En la radiografía de abdomen se puede encontrar dilatación de intestino delgado y ciego, con impresiones digitales, pneumatosis o pneumoperitoneo. En la tomografía axial computarizada se puede visualizar la inflamación pericecal y, en la ecotomografía, el signo target o halo por engrosamiento de la pared. La endoscopía está contraindicada.

El tratamiento es de soporte, basado en la hidratación y el reposo intestinal, asociado además a antibioterapia de amplio espectro. Se debe corregir la neutropenia. Se realiza cirugía en casos de perforación, con resección del segmento comprometido.

Colitis química o por medicamentos
Se han descrito colitis secundarias al uso de enemas jabonosos, peróxido de hidrógeno, hierbas medicinales, vinagre, permanganato de potasio, diatrizoato de meglumina (Hypaque). El espectro clínico es variable, dependiendo del tipo y concentración del agente cáustico, tiempo de contacto y presencia o no de una enfermedad colónica de base.

A la endoscopía se puede ver hiperemia y se puede encontrar mucopus en recto y sigmoides.

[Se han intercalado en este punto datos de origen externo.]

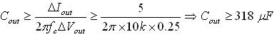 如果我们假定由fC、输出电容(Cout)及最大阶跃负载电流(ΔIout)确定出ΔIout 时的最大压降(Vout)为250 mV,我们就能写出下述等式:

Se debe dar tratamiento de soporte y enemas con corticoides. En casos graves, se debe administrar antibioterapia de amplio espectro por cuatro a seis semanas.


Referencias

  • “Colitides other than Ulcerative Colitis and Crohn´s Disease”, The American Society of Colon and Rectal Surgeons. 2000.
  • Gastrointestinal Disease, 5th ed. Marvin H. Sleisenger, MD, John S. Fordtran MD, editors WB Saunders Company, 1993 Chapters 10, 55, 56, 57, 58, 62 ,75, 76.
  • Gastroenterology, 5th ed. Bockus, Haubrich, Schaftner, Berk. Editors WB Saunders Company, 1995 Chapters 69,89.